POW: VDSC Warns of Rising Input Electricity Costs from Q2 2026
This Aveluro analysis covers POW (Điện lực Dầu khí Việt Nam) in the Electricity Generation & Distribution sector. The classified event type is sector sentiment, with negative sentiment and a deterministic market-impact score of 4.0/10. Aveluro classifies this story as a negative catalyst and risk signal for the affected stock. Source coverage came from VnEconomy - Chứng khoán, classified as a primary/top-tier source.
Overview
VDSC (Rong Viet Securities) forecasts that the full market electricity price (FMP) will gradually increase from Q2 2026 as low-cost hydropower supply diminishes, putting upward pressure on input electricity purchase costs for power companies. This development is particularly relevant for POW (Petrovietnam Power Corporation), which operates the new Nhon Trach 3 and 4 LNG plants.
Key Facts
- Q1 2026 total electricity consumption reached 77.4 billion kWh, up 6.5% year-on-year.
- Total installed capacity reached 89.3 GW as of end-Q1 2026, up 8.8% year-on-year.
- Hydropower output rose 7.8% to 14.9 billion kWh in Q1 2026, but this effect is expected to fade from Q2 2026.

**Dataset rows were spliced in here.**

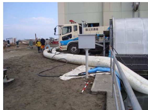
排水ポンプ設置箇所ヤード造成 ポンプ車設置立会い状況 (3/31)
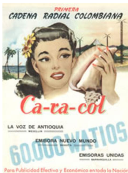
Figura 5 226

la función de encadenar una sola voz o programación por parte de la Cadena Radial Colombiana hacía los distintos lugares del país donde existían otras emisoras, fue así que “en 1950 Caracol otorgó a la radionovela un puesto definitivo en la programación normal con la transmisión de “El Derecho de Nacer”; radio novela cubana de Félix B. Cagnet y “El Ángel De la Calle” de Efraín Arce. Además el género fue estimulado porque los anunciantes han manifestado una preferencia a patrocinar espacios con radionovelas. Juzgaban que la acogida del público y su masiva sintonía representaban potenciales consumidores” 225 y altos ingresos económicos para los dueños de cadenas radiales, y para el sector comercial.
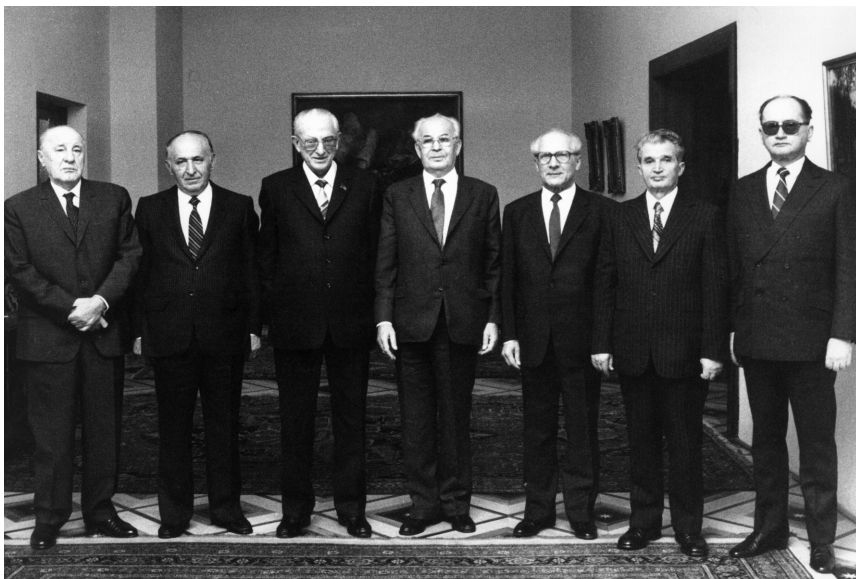
Главы делегаций на совещании Политического Консультативного Комитета государств-участников Варшавского договора. Янош Кадар (Венгрия), Тодор Живков (Болгария), Юрий Андропов (СССР), Густав Гусак (Чехословакия), Эрих Хонеккер (ГДР), Николае Чаушеску (Румыния), Войцех Ярузельский (Польша). Прага, январь 1983 г.
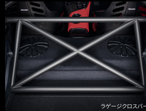
ラゲージクロスバー
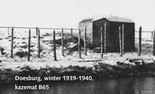
Doesburg, winter 1939-1940, kazemat B65
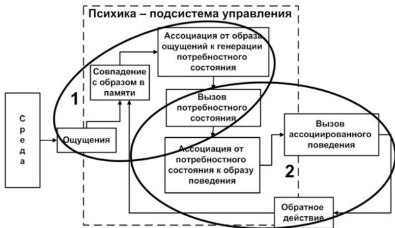
Рис. 3. Потребность в выученной практике Животного вызывается «культурой» запуска потребностей (группа 1) и снимается «культурой» выученного поведения (группа 2), при этом само поведение обычно видят как инстинкт, хотя от рождения он выучивается от старших
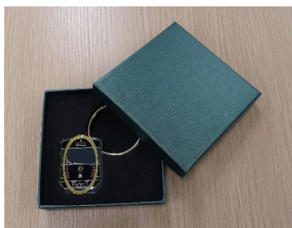
ダイカットメタルキーホルダー

- FMP averaged VND 1,255/kWh in Q1 2026, flat versus Q1 2025 and down 2% year-on-year.
- Capacity market price (CAN) rose to VND 160/kWh, up 2.2 times year-on-year.

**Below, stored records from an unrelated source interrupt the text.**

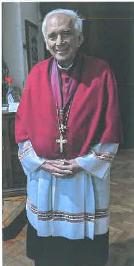
oděv děkana kapituly
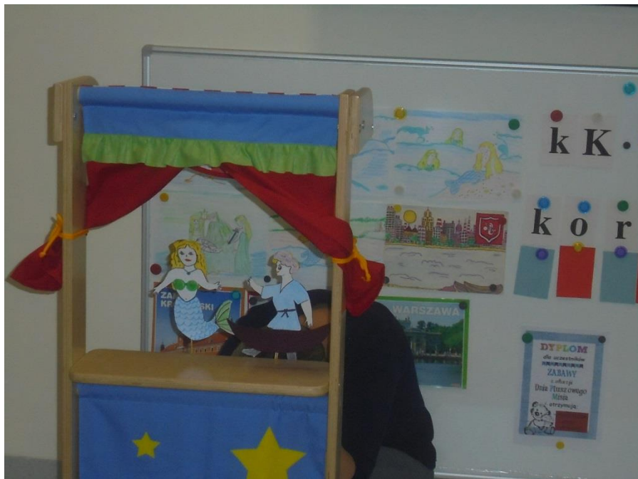
Dzieci poznały legendę powstania naszej stolicy „Wars i Sawa”.

Stosując teatrzyk kukiełkowy, czytanie przez nauczyciela, rodziców, systematycznie poznawały legendy związane z ważnymi miastami naszego kraju: Warszawy, Krakowa – „Wars i Sawa”, „Bazyliszek”, „Złota kaczka”, O smoku wawelskim, „O trębacz z wieży Mariackiej”, „O Wandzie co Niemca nie chciała” i wiele innych. Ponadto zaznajomiły się z niektórymi zabytkami głównych miast. Zdobytymi wiadomościami z zakresu historii mogły się pochwalić biorąc udział w quizie „Co wiemy o Polsce?” przygotowanym przez dzieci ze świetlicy w Szkole Podstawowej w Widawie.
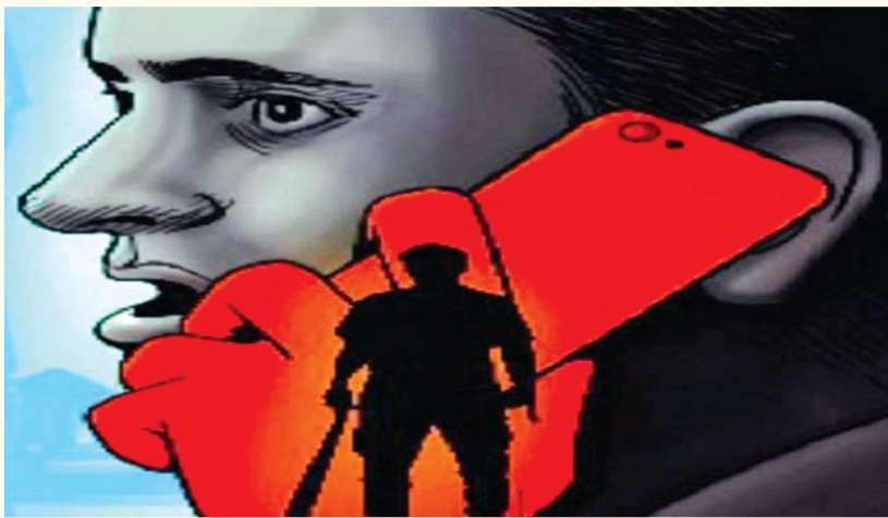
વિરૂધ્ધ એફઆઈઆર દાખલ કરી તપાસ હાથ જણાવ્યું છે કે હું પરિવાર સાથે રહે છું અને રિશાના હુડ બનાવવાની મજૂરી કરુ છું. હું ગત તા. ૧૩/૨/૨૫ના રોજ મેટોડા જીઆઈડીસી
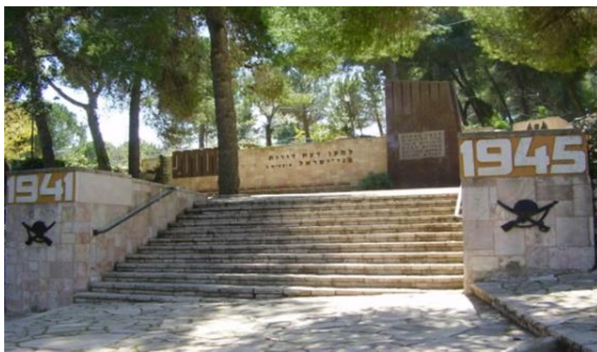
Мемориал 200 000 погибшим воинам-евреям на горе Герцля. Иерусалим
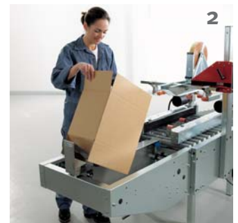
Bodenklappen der Schmalseite werden durch schräges Aufsetzen eingefaltet.
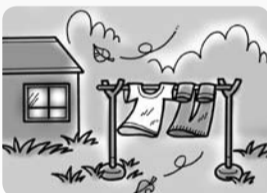
洗濯物が何日も干しっぱなしになっている

ちょっと変だな...大丈夫かな...と思ったことを地域包括支援センターまでご連絡ください!
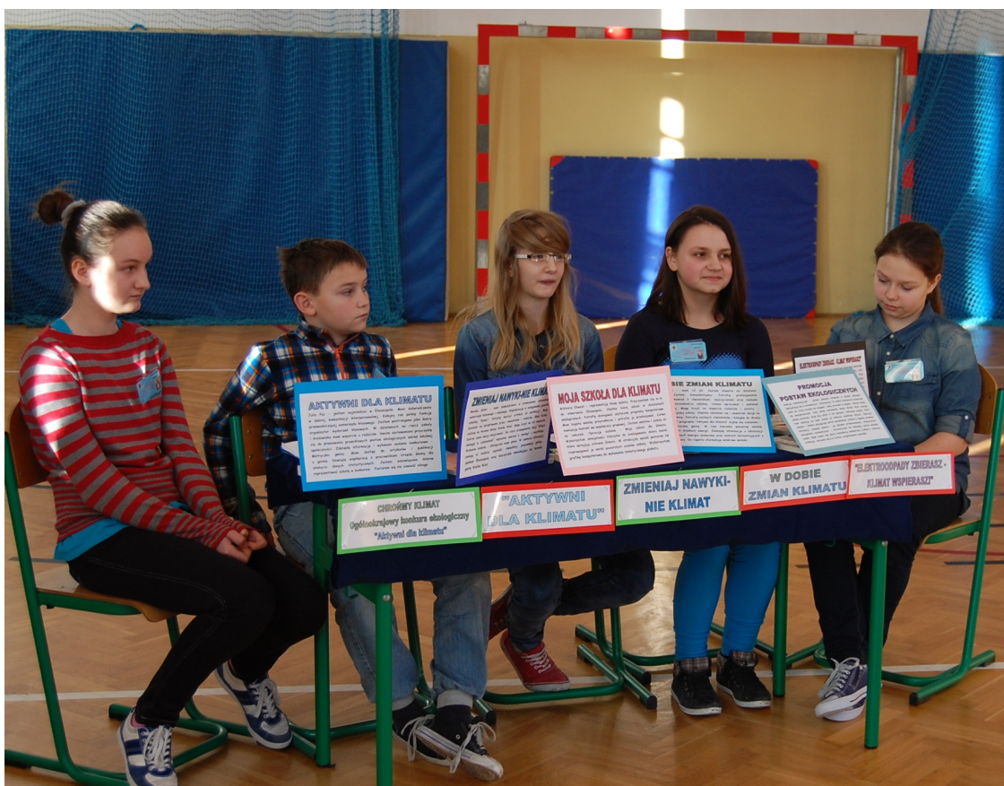
na zdj. Ekozespół "Badacze"

- tak mówią uczniowie, którzy włączyli się w akcję Aktywni dla klimatu.

- Nhon Trach 3 and 4 produced 510 million kWh in the first two months of 2026, accounting for 15% of gas-fired output.
- Electricity imports surged 120% year-on-year following completion of high-capacity transmission lines from Laos and China.
What Happened
In a report dated April 19, 2026, VDSC noted that Q1 2026 FMP remained low due to abundant low-cost hydropower and low fuel costs for coal and gas in January and February. However, from Q2 2026, the securities firm expects FMP to rise as the La Nina effect wanes, reducing hydropower availability and forcing greater reliance on higher-cost generation sources.

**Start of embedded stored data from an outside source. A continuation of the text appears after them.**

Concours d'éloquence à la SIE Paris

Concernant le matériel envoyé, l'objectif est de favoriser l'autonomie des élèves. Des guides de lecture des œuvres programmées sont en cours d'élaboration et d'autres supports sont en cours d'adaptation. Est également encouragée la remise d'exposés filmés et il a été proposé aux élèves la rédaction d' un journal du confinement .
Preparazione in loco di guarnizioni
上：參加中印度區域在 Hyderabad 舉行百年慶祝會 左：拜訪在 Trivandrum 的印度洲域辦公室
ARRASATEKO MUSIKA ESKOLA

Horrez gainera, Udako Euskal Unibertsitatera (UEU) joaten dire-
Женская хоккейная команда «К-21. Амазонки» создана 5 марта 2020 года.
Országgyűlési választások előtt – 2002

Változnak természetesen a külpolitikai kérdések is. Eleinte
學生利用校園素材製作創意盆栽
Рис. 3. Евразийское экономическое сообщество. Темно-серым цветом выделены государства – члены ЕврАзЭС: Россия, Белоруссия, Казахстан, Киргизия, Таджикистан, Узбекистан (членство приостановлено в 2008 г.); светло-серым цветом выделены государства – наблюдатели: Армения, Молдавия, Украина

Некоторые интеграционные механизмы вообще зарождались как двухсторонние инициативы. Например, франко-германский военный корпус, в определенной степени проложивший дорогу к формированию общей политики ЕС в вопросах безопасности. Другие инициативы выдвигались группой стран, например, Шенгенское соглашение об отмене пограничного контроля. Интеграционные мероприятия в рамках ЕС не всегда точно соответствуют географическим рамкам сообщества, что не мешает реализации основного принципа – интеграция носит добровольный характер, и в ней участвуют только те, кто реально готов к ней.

The report highlights that while the capacity market price (CAN) has already improved significantly, the FMP has not yet reflected this due to the temporary surplus of cheap hydropower. As hydropower declines, the FMP is expected to trend upward, increasing input costs for power purchase agreements.
Market Context
POW shares closed at VND 13 on April 15, 2026, down 0.38% with volume of 9.58 million shares. The stock trades on HOSE. The broader energy sector has been supported by strong electricity demand growth (6.5% in Q1) and new capacity additions, but rising input costs could pressure margins for thermal and gas-fired generators. POW’s new LNG plants (Nhon Trach 3&4) are now operational, contributing 15% of gas-fired output, but their higher fuel costs may become more burdensome if FMP increases are not passed through.
Strategic Significance
For POW, the expected rise in FMP from Q2 2026 represents both a challenge and an opportunity. As a power generator, higher FMP could improve revenue per kWh sold, but if input costs (especially LNG fuel) rise faster than output prices, margins may compress. The company’s reliance on LNG imports exposes it to global gas price volatility. Conversely, the gradual phase-out of cheap hydropower could enhance the competitiveness of baseload gas-fired plants, provided POW can secure favorable fuel supply contracts. The key strategic question is whether POW’s power purchase agreements allow for timely cost pass-through to EVN.
What to Watch
- Q2 2026 FMP data release by EVN/NSMO, expected in July 2026.
- POW’s Q2 2026 earnings report, due in August 2026, to assess margin trends.
- Global LNG spot prices and any long-term supply agreements POW may announce.
- Hydropower output in Q2 2026 versus historical averages.
- Any regulatory changes to the electricity pricing mechanism or cost pass-through rules.